Acidic, neutral and alkaline

The scale has three regions. A pH below 7 is acidic, with more hydrogen ions than hydroxide ions; lemon juice and stomach acid sit here. A pH of exactly 7 is neutral, where hydrogen and hydroxide ions balance — pure water at room temperature is the standard example. A pH above 7 is alkaline, or basic, with more hydroxide ions; soap and oven cleaner lie at this end. Indicators such as litmus or universal indicator give a quick colour reading, while a pH meter measures the value precisely.

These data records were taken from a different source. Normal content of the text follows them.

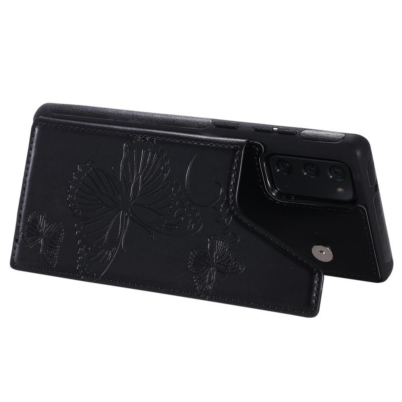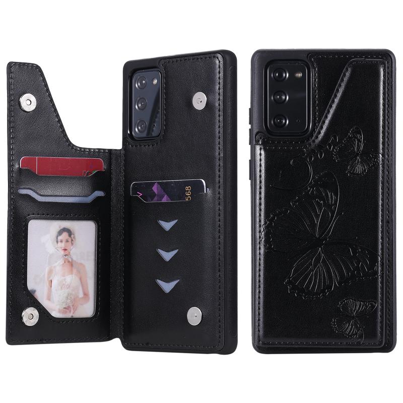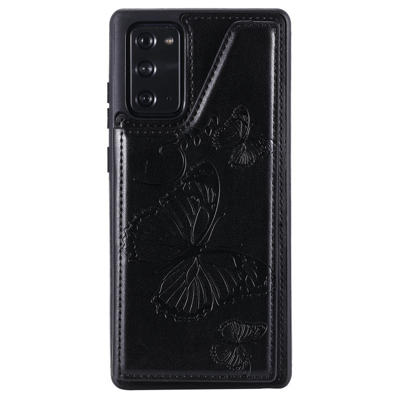 Butterfly Embossing Pattern Shockproof Protective Case with Holder & Card Slots & Photo Frame For Samsung Galaxy Note20(Black)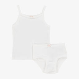 This pretty pink floral vest and knickers set for girls, in-house designed by Childrensalon Essentials. Made in soft organic cotton jersey with a delicate pointelle pattern in the weave, both pieces are trimmed with delicate picot edging and a pink grosgrain bow.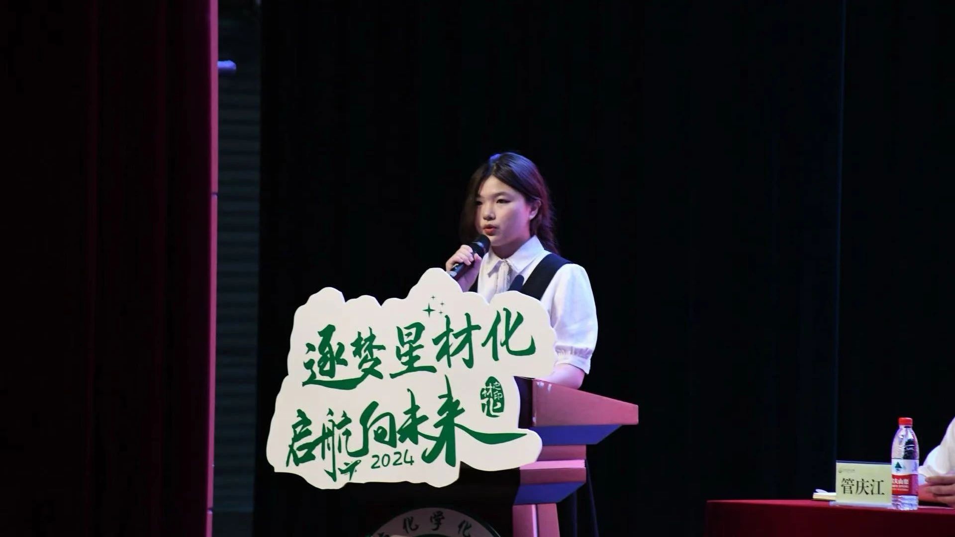 陈丹同学以“催化青春的多维酶反应”为主题展开讲述:从共青团员到预备党员,陈丹同学始终以“靶向学习”校准人生坐标。担任本科生第二党支部支委期间,通过20000+学习强国积分筑牢思想根基,参与 “分享奉献故事 勇担历史重任”主题党日活动获校党委副书记杨政高度认可。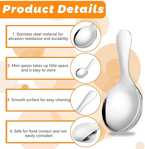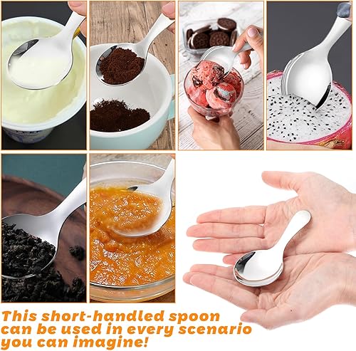 JJUNW Lot de 6 cuillères à manche court - Cuillères à café en acier inoxydable - Grandes cuillères à glace de 9 cm - Couverts de service polis miroir pour thé, café, dessert, farine, confiture, yaourt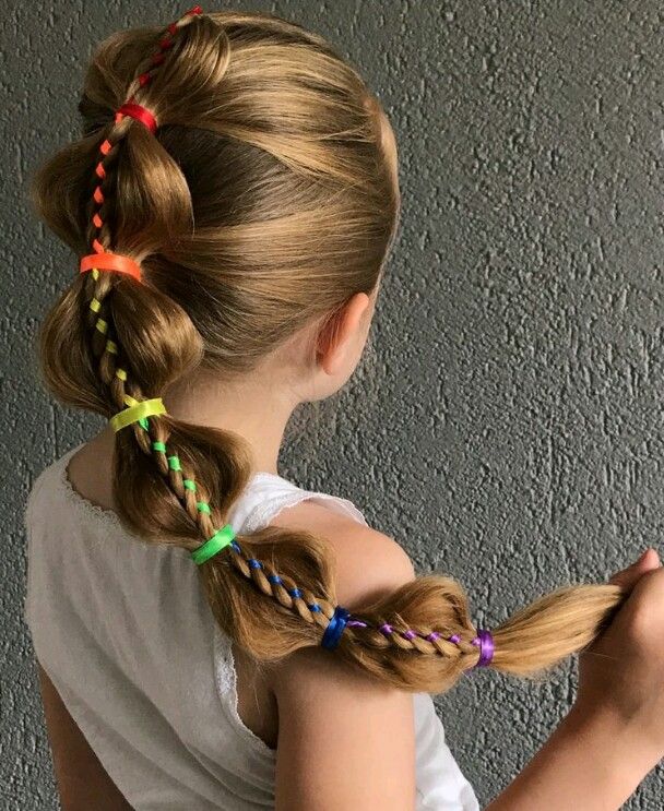 This hairstyle is a burst of color and creativity, featuring a bubble ponytail interwoven with rainbow-colored ribbons. It’s a vibrant and playful look that’s perfect for festivals, parades, or any celebration. The braided accents add a touch of intricacy and charm.

Why the scale is logarithmic

The pH scale is logarithmic, not linear, which has an important consequence: each whole-number change in pH represents a tenfold change in hydrogen ion concentration. A solution of pH 4 is ten times more acidic than one of pH 5, and a hundred times more acidic than one of pH 6. This is why small-looking pH differences can matter so much in biology and the environment, and why the scale can express an enormous range of concentrations in convenient single-digit numbers.

Key facts

At a glance

  • Definition: a measure of acidity or alkalinity from hydrogen ion concentration
  • Range: usually 0 to 14
  • Acidic: below 7 (more H⁺ ions)
  • Neutral: exactly 7 (pure water at 25 °C)
  • Alkaline: above 7 (more OH⁻ ions)
  • Logarithmic: each unit is a tenfold change in H⁺ concentration

Common misconceptions

What people often get wrong

Often heard: The pH scale is linear, so pH 4 is only a little more acidic than pH 6.

Actually: The scale is logarithmic. Each whole unit is a tenfold change, so pH 4 is a hundred times more acidic than pH 6, not slightly more.

Often heard: pH can only ever be a value between 0 and 14.

Actually: 0 to 14 covers most everyday solutions, but very strong, concentrated acids or bases can give pH values slightly below 0 or above 14.

Often heard: A pH of 7 is always neutral, at any temperature.

Actually: Neutral pH equals 7 specifically at 25 °C. Because water’s ionisation changes with temperature, the exact neutral point shifts slightly at other temperatures.